Functionally graded material (FGM) illustrates a novel class of composites that consists of a graded pattern of material composition. FGM is engineered to have a continuously varying spatial composition profile. Current work focused on buckling analysis of beam made of stepwise linear and quadratic graded material in axial direction subjected to axial span-load with piecewise function and rested on shear layer based on classical beam theory. The various boundary and natural conditions including simply supported (S-S), pinned - clamped (P-C), axial hinge - pinned (AH-P), axial hinge - clamped (AH-C), pinned - shear hinge (P-SHH), pinned - shear force released (P-SHR), axial hinge - shear force released (AH-SHR) and axial hinge - shear hinge (AH-SHH) are considered.

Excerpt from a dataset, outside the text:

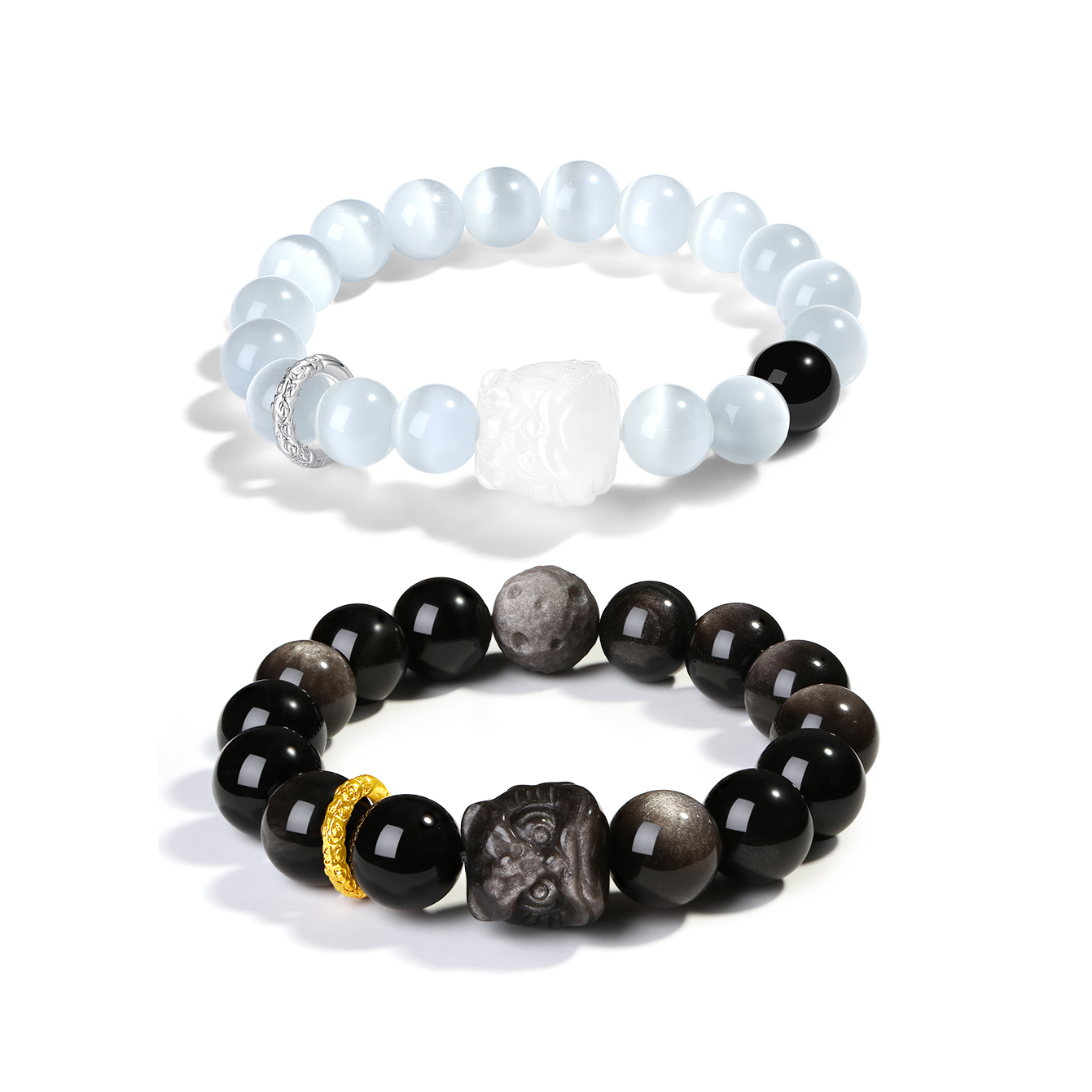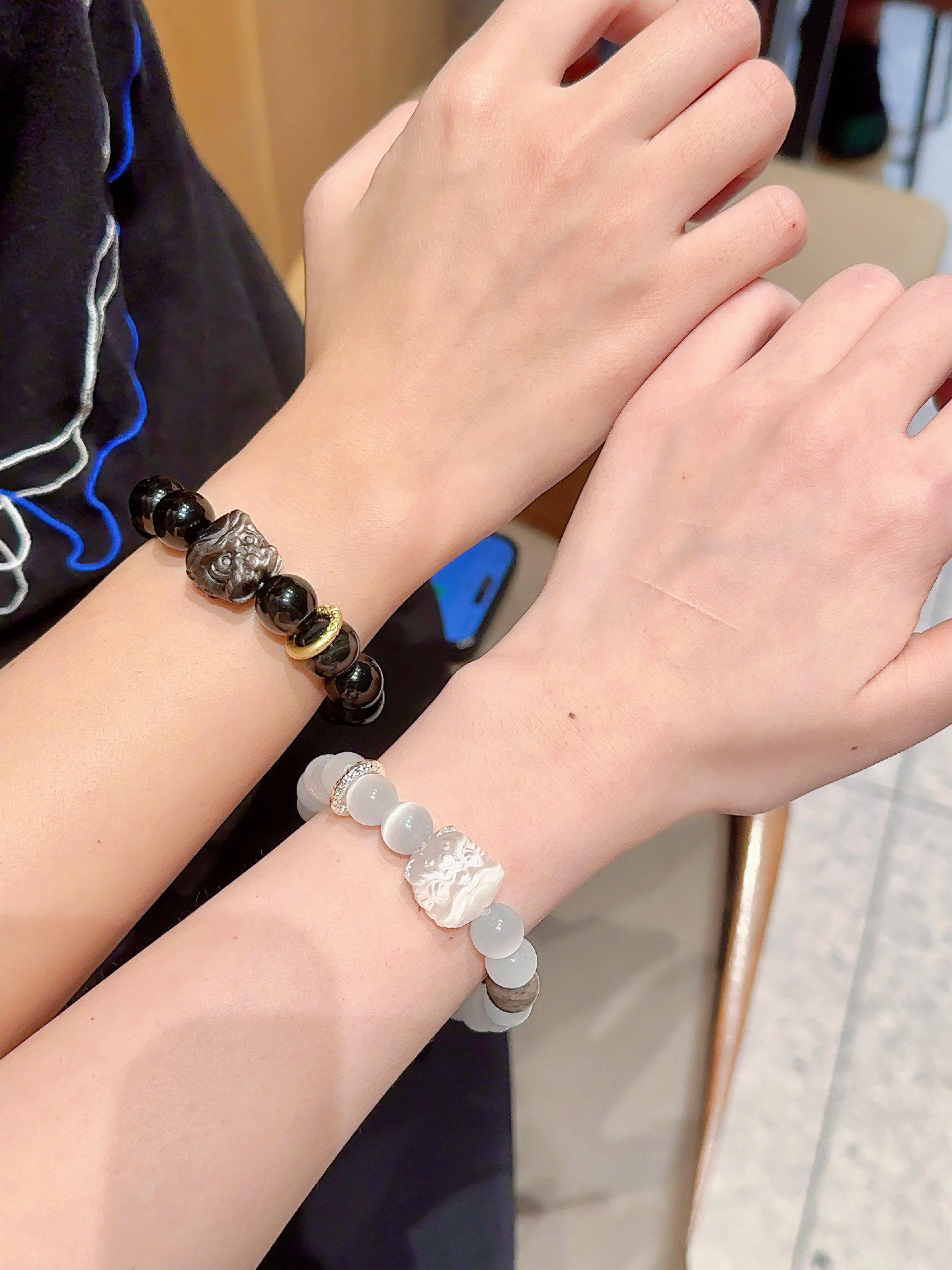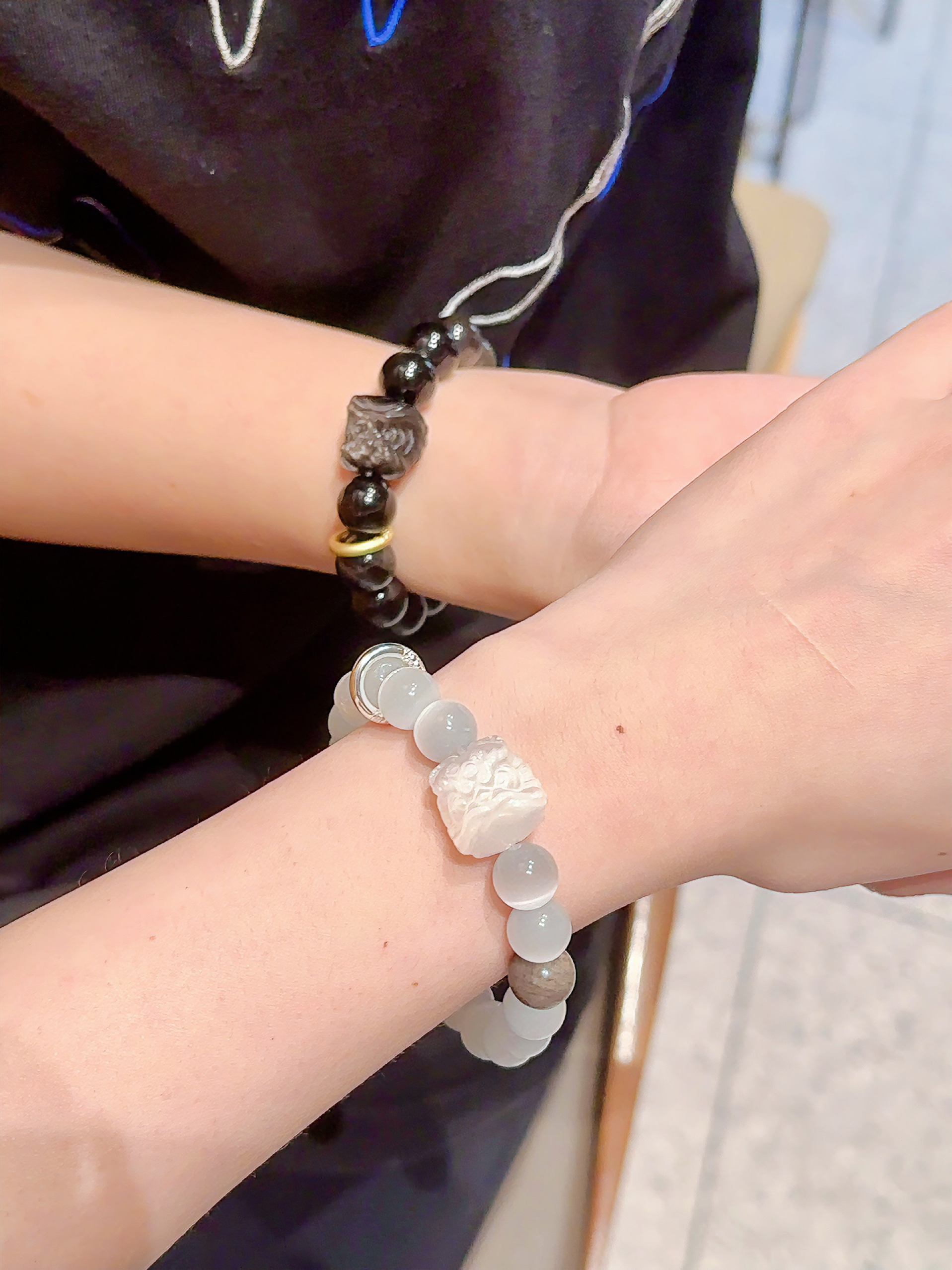 一眼就被这款情侣款祥瑞醒狮手串吸引住了 男款是低调高级的银曜石💫 女款是闪闪发光的猫眼石✨ 搭配霸气的醒狮➕转运环 吸睛又吸金💰 很国潮风 日常百搭的款式 戴在手上显白又大气 随便搭配T恤就不会出错 礼盒包装证书齐全 蛮适合七夕情侣互相送礼🎁

To the best of the author's knowledge, buckling behavior of this kind of Euler-Bernoulli beams has not been studied yet. The equilibrium differential equation is derived by minimizing total potential energy via variational calculus and solved analytically. The boundary conditions, natural conditions and deformation continuity at concentrated load insertion point are expressed in matrix form and nontrivial solution is employed to calculate first buckling loads and corresponding mode shapes. By increasing truncation order, the relative error reduction and convergence of solution are observed. Fast convergence and good compatibility with various conditions are advantages of the proposed method. A MATLAB code is provided in appendix to employ the numerical procedure based on proposed method.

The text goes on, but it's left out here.